Amiga Power


Super Tetris

Author: Stuart Campbell
Publisher: Spectrum Holobyte
Machine: Amiga 500

 
Published in Amiga Power #17

Super Tetris

They wouldn't let it lie, would they? After numerous completely tragic attempts at bringing Tetris to the Amiga, totally eclipsed by some great PD versions (notably Super Twintris from our issue five coverdisk), MicroProse try to redress the balance with this new, sexy, improved, lots-of-extra-bits game which adds all manner of weird powerups and bonuses to the original block-dropping-and-line-filling gameplay.

For any of you who don't know the basic idea of Tetris, what you have to do is - no, only joking.

The best things among the new stuff here are the bombs which appear when you complete a line, allowing you to destroy parts of the scenery, which brings in a more tactical element lacking in the original game. Otherwise it's pretty much window-dressing stuff, which leaves us wondering whether the basic execution of the game merits paying out £30 for something you can now get for free. Um...
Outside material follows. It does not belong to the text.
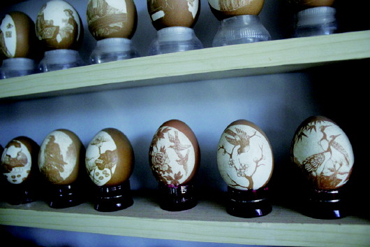 李爱国是一位没有固定职业的农民,脑袋聪明却时运不济,他做过面食、在食堂打过工,这些作为谋生的工作他兢兢业业坚持着,同样,他又是一个有艺术细胞的“农民”,他做过烙画、写得一手好看的小楷字儿,就连现在的蛋雕,他都没有沾染一丝的铜臭气。
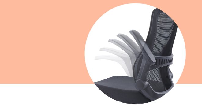 Reposabrazos volteados hacia arriba para facilitar el movimiento y mejor utilización del espacio.

Well, first off, it's much better than the last professional job (the useless Infogrames one reviewed in issue two with 29%), with smooth-falling blocks and decent control (although still not as good as it could be - why no definable keyboard?), and some pleasantly clicky and bangy sound effects. You get three different kinds of two-player mode (competitive, co-operative and head-to-head) which are all pretty entertaining, and the new level-based structure (you complete levels rather than just playing forever until you lose) is more rewarding, but somehow it just isn't compulsive. Maybe the new features have overloaded the classic simplicity, maybe after three years and a hundred versions I'm just bored with it, but for all the bells and whistles I couldn't be bothered with Super Tetris after the first 20 minutes. This is, in all honesty, quite nice. You'd just have to be completely Tetris-loopy-nuts to spend £30 on it.

The Bottom Line

Sorry, but it's still not really any better than Super Twintris, and it's 30 quid more expensive. Vastly improved over the other official Amiga versions, but it just doesn't grip like a Tetris game should. Could it be that Tetris has just finally had its day?